YouTube Subtitles Included in Large Data Set Used to Train Notable A.I. Models proofnews.org

Annie Gilbertson and Alex Reisner, Proof:

AI companies are generally secretive about their sources of training data, but an investigation by Proof News found some of the wealthiest AI companies in the world have used material from thousands of YouTube videos to train AI. Companies did so despite YouTube’s rules against harvesting materials from the platform without permission.

Our investigation found that subtitles from 173,536 YouTube videos, siphoned from more than 48,000 channels, were used by Silicon Valley heavyweights, including Anthropic, Nvidia, Apple, and Salesforce.

According to Gilbertson and Reisner, this is a data set called — appropriately enough — “YouTube Subtitles”, which is part of a larger set called the “Pile”, which is distributed by EleutherAI. The “Pile” was used by Apple to train OpenELM.

Chance Miller, 9to5Mac:

Apple has now confirmed to 9to5Mac, however, that OpenELM doesn’t power any of its AI or machine learning features – including Apple Intelligence.

Lance Ulanoff, TechRadar:

While not speaking directly to the issue of YouTube data, Apple reiterated its commitment to the rights of creators and publishers and added that it does offer websites the ability to opt out of their data being used to train Apple Intelligence, which Apple unveiled during WWDC 2024 and is expected to arrive in iOS 18.

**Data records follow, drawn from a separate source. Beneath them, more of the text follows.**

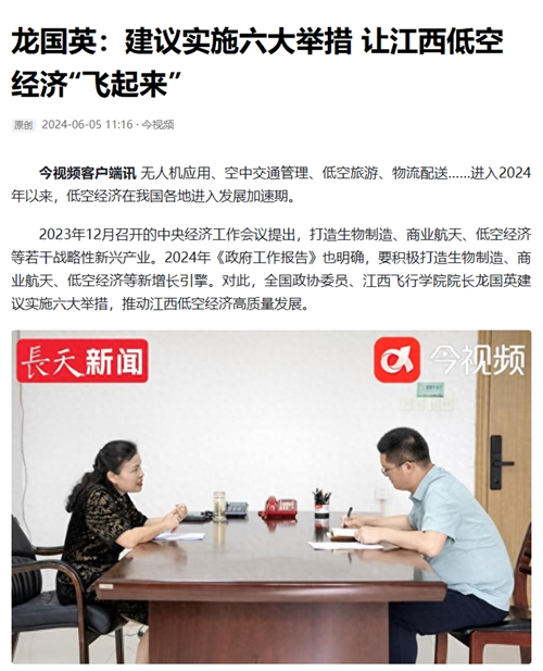 近日,今视频报道:龙国英:建议实施六大举措 让江西低空经济“飞起来”。
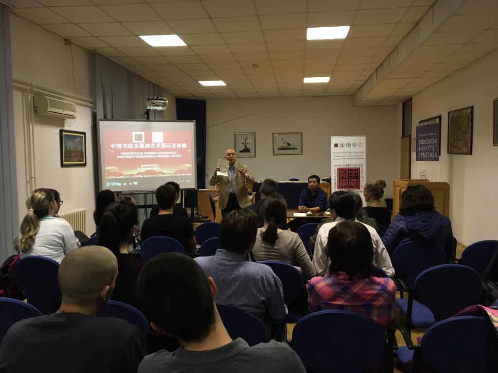 在諾大經濟學院的體驗活動中,經濟學院副院長湯姆斯拉夫·蘇達萊維奇(TomislavSudarevic)教授說:“我剛從中國參加學術會議回來,非常感謝兩位藝術家不辭辛苦來到蘇博蒂察,讓我們有機會領略到中國的神奇悠久的書法篆刻藝術,真誠感謝合作單位諾大孔院對經濟學院師生學習漢語、了解中國文化需求的熱誠關注及和私幫助。”
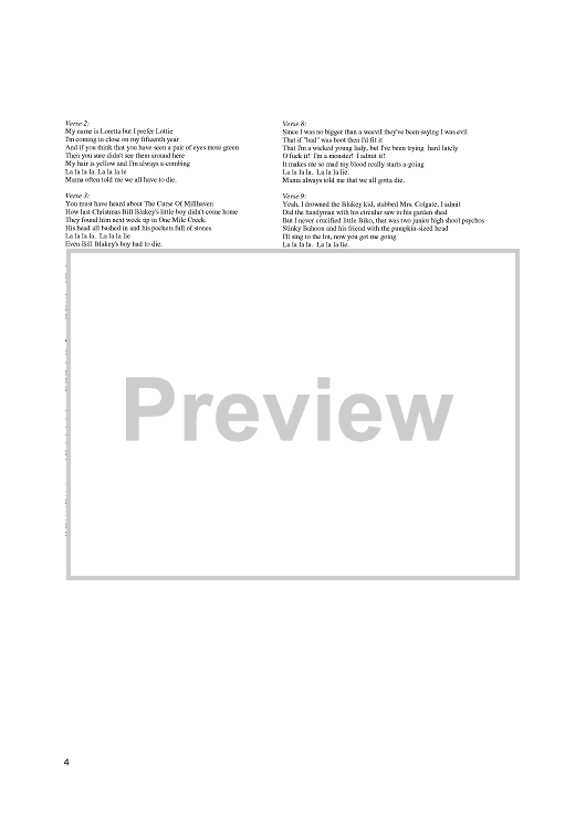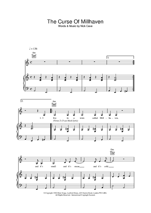 Digital Sheet Music for The Curse Of Millhaven by Nick Cave scored for Piano/Vocal/Chords; id:389947
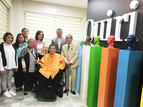 キリノ財団事務所入口での写真、左からマリレット事務局長、エラ比日連合財団理事、高木英治工事担当責任者、アンジェラ・キリノ現理事長、コリー・キリノ女史、ルビー・キリノ前理事長(車椅子の方)、田畑政己・代表補佐役、右端は私(浅沼武司)です。
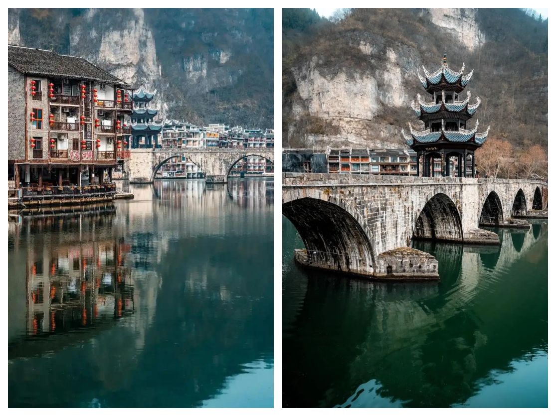 此外,**镇远古城**以其优美的山水环境和厚重的历史文化吸引着众多游客。古城依托依山傍水的地形,拥有保存完好的明清古建筑群以及古色古香的街巷。漫步在狭窄的石板路上,能感受到历史的悠远气息和小城独特的宁静韵味。镇远的夜景同样迷人,灯火辉煌映照着古桥、水面泛起涟漪,充满浪漫情调。此外,古城丰富的历史故事和文化遗产,如青龙洞、舞阳河等,增加了旅游的层次感和趣味性。
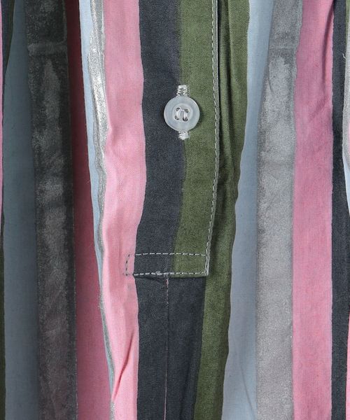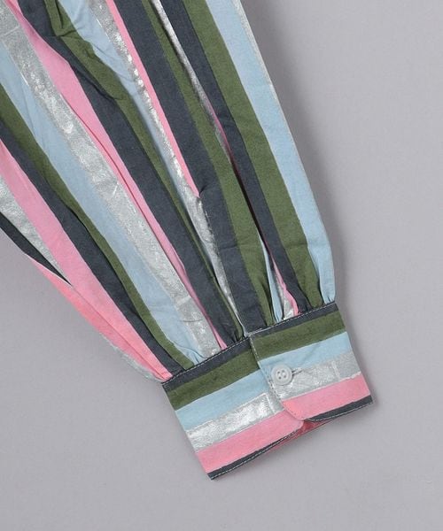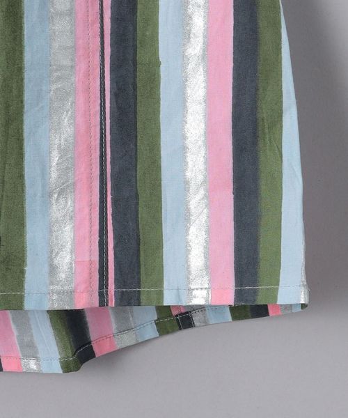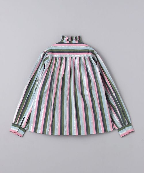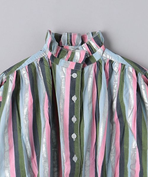 <SZ Blockprints>マルチストライプ フリルネック ブラウス

The company also confirmed that it trains its models, including those for its upcoming Apple Intelligence, using high-quality data that includes licensed data from publishers, stock images, and some publicly available data from the web. YouTube’s transcription data is not intended to be a public resource but it’s not clear if it’s fully hidden from view.

Even if you set aside the timing of allowing people to opt out, it scarcely matters in this case. If YouTube captions were part of the data set used to train any part of Apple Intelligence, it would be impossible for channel operators to opt out because they cannot set individualized robots.txt instructions.

Five New York Times reporters wrote in April about the tension OpenAI created after it began transcribing YouTube videos:

Some Google employees were aware that OpenAI had harvested YouTube videos for data, two people with knowledge of the companies said. But they didn’t stop OpenAI because Google had also used transcripts of YouTube videos to train its A.I. models, the people said. That practice may have violated the copyrights of YouTube creators. So if Google made a fuss about OpenAI, there might be a public outcry against its own methods, the people said.

I could not find any mechanism to opt one’s own YouTube videos out of A.I. training. This is one of the problems of YouTube being a singular destination for general-purpose online video: it has all the power and, by extension, so does Google.

By the way, I am still waiting for someone in Cupertino to check the Applebot inbox.